Inhibitors of N-terminal acetyl transferases
Proteins constitute an essential part of the machinery of life and display enormous variation in both structure and function. In addition to the diversity inferred by the 20 coded amino acids, proteins are often covalently modified during or after biosynthesis, which adds additional layers of complexity.
Acetylation is one of the most common co- or post-translational protein modifications and occurs either on the amino group of lysine side chains (K-acetylation) or on the alpha-amino group of N-terminal residues (Nt-acetylation).
Nt-acetylation of proteins is extremely common and occurs on more than 80% of all human proteins. Biochemically it consists of transfer of an acetyl group from acetyl coenzyme A (Ac-CoA) to the protein substrate and is catalyzed by the N-terminal acetyltransferase (NAT) group of enzymes.

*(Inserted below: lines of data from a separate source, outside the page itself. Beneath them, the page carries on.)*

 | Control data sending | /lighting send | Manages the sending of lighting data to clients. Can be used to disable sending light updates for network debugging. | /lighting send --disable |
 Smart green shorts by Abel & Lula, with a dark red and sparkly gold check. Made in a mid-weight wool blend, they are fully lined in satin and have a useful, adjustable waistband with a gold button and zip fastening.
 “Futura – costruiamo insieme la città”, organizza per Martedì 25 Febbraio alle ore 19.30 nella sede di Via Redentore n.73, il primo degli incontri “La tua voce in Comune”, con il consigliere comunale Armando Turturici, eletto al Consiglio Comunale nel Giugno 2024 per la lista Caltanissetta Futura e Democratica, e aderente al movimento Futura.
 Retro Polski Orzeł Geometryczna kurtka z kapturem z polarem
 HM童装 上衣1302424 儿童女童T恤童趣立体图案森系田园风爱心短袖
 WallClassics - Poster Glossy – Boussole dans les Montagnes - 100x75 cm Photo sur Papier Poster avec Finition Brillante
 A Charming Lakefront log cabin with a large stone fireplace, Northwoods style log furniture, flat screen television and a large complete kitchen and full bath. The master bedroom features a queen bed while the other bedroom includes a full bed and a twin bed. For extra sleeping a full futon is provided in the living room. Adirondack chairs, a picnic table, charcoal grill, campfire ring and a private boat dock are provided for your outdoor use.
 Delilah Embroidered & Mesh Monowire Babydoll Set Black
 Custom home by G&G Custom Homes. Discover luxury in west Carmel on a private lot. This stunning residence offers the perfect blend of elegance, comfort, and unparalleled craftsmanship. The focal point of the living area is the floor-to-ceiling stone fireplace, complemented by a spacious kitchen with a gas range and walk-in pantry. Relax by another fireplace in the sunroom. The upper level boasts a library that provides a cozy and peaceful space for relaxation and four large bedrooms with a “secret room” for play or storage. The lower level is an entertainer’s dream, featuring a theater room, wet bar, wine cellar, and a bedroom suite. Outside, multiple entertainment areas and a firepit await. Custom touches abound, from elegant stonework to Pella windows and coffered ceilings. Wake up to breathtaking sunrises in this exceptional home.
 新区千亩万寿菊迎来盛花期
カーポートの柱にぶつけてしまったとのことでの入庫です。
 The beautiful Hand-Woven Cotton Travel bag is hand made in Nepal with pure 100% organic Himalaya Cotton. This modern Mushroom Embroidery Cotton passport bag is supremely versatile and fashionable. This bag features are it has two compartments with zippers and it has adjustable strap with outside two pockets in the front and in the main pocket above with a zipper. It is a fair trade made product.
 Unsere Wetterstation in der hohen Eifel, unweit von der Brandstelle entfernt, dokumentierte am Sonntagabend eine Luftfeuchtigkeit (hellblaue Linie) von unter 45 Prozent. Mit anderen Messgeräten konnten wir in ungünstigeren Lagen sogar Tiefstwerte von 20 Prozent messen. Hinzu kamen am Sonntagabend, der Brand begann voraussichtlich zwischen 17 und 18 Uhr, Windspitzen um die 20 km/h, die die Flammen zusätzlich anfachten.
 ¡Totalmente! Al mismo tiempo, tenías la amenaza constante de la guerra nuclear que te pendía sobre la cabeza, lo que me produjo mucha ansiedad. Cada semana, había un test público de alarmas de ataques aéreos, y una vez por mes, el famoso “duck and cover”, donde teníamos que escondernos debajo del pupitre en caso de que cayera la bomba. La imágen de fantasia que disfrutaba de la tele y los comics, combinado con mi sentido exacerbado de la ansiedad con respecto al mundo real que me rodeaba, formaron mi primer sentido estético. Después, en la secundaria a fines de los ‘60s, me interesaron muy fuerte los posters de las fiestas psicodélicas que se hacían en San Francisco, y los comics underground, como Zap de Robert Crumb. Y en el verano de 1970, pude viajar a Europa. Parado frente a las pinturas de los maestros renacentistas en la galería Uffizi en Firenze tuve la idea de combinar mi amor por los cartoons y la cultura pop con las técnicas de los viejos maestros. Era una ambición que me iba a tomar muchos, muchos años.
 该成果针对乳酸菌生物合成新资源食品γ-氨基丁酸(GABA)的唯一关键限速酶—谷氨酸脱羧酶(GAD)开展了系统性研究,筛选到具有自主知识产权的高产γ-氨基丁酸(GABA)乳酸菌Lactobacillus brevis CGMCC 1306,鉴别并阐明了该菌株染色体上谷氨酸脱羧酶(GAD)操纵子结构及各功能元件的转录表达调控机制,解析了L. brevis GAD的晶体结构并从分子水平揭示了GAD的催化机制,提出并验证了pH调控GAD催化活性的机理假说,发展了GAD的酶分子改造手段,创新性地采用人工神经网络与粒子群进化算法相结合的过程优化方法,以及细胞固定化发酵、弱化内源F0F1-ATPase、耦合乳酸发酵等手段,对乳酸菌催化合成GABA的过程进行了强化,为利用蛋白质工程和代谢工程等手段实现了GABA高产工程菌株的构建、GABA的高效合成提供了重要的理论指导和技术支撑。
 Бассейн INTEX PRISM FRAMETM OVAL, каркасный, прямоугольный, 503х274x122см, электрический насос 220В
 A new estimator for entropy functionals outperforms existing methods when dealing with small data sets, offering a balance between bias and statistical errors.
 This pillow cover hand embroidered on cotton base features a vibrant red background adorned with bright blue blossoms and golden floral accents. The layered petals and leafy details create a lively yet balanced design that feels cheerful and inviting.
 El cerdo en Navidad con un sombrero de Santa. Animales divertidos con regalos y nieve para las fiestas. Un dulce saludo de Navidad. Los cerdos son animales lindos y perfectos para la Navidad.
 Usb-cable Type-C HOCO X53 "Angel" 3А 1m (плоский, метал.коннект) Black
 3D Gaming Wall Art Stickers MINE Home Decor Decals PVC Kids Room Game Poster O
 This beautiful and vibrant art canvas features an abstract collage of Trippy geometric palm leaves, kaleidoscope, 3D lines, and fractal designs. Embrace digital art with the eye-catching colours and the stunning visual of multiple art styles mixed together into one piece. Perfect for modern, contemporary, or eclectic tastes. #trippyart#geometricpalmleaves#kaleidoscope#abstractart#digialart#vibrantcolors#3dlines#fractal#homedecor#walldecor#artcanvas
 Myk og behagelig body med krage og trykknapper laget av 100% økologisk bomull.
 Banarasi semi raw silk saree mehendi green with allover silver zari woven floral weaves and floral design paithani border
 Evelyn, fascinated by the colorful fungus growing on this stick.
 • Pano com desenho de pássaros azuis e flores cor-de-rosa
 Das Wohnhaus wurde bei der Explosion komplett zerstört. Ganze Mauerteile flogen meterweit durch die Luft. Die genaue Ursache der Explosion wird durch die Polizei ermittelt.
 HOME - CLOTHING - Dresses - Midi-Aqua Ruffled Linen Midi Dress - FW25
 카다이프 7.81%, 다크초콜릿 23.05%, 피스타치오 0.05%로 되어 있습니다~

Although our understanding of the NATs has increased in recent years, there are fundamental questions that remain unanswered in the field:
- What are the cellular roles of NAT enzymes (and thus Nt-acetylation)?
- Can NATs be targeted for therapeutic intervention in cancer and other diseases?
Access to specific and potent NAT inhibitors is a prerequisite to answer these questions, and we are working toward equipping the scientific community with these molecular tools in collaboration with the Arnesen group at UiB.